Rails relies on convention, and one of the conventions is that you'll be connecting to just a single database. This, of course, makes plenty of sense in most situations. But, some of you may be facing a situation where you'd want to connect to multiple databases. The reasons aren't always clear, but they can usually be summed up in the word "legacy".
Rails doesn't make it easy to handle multiple databases. As far as I know, the way to handle this is to add the following bit of code to each model that is to be hooked to the second database:
ActiveRecord::Base.establish_connection(
:adapter => "mysql",
:socket => "/tmp/mysql.sock",
:username => "my_username",
:password => "my_password",
:database => "my_second_database"
)
This is all fine and good, if considerably more verbose than the standard configuration. And not too onerous if you're just talking about a model or two. But, sharp readers may notice that we're hardcoding in things like passwords and datasources. And, if you're like me and have separate databases for development, testing, and production, you might find yourself in a bit of a quandary. You really don't want to be hardcoding in "MyDatabase_Dev", and you really don't want to have to remember to change that to "MyDatabase_Production" when making your app live. Trust me. I learned the hard way.

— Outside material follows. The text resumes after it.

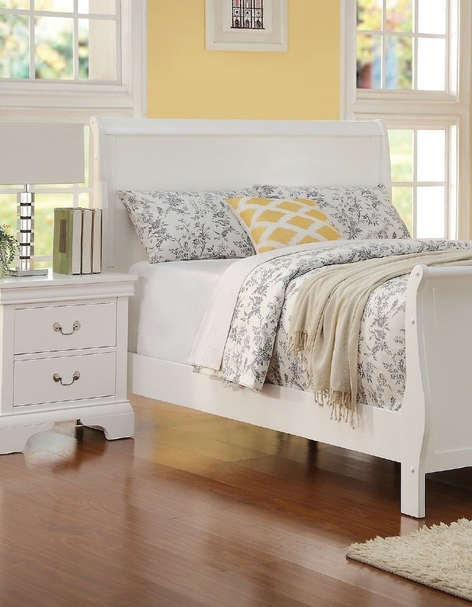 Product DescriptionProduct Description:-Smooth surfaces, curved panels and detailed lines drape this bedroom set bathed in a White color. This set features a sleigh bed and storage accessories with charming accent door handles offering a French-inspired bedroom décor.
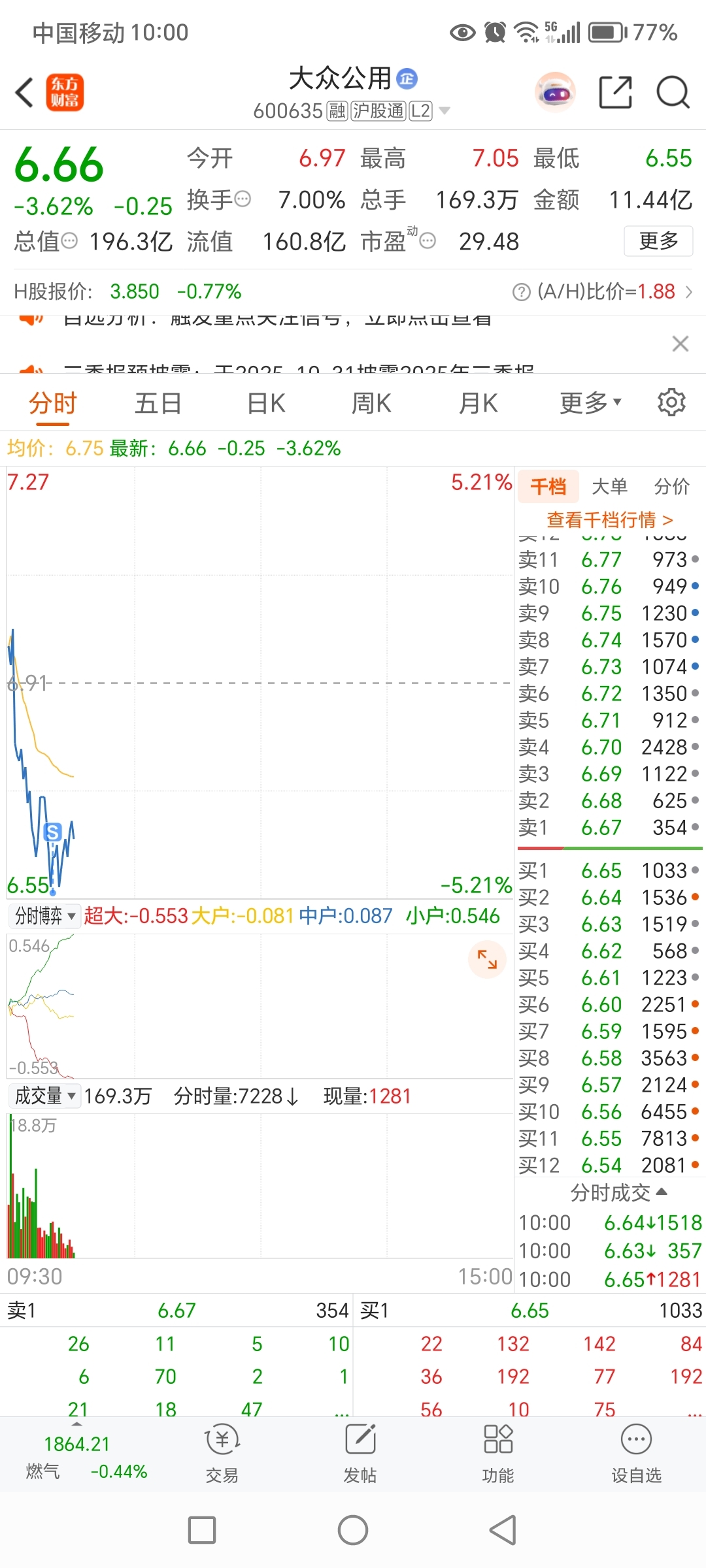 $大众公用(SH600635)$ 6.56全部清仓了,有比我更低的吗?

But, Rails has a great feature that can help here: environments. Simply define a variable in config/environments/development.rb and config/environments/production.rb (and test.rb, assuming you want to run tests). Call it something along the lines of DATABASE_NAME, and assign it the name of the development DB in development.rb and the production database in production.rb Then, you can define things like:
ActiveRecord::Base.establish_connection(
:adapter => "mysql",
:socket => "/tmp/mysql.sock",
:username => "my_username",
:password => "my_password",
:database => DATABASE_NAME
)
That way, when you switch environments, the database will switch automatically. You can pull the same trick with usernames and passwords, too.
No, this isn't ideal, but it works *much* better than trying to remember to manually switch things!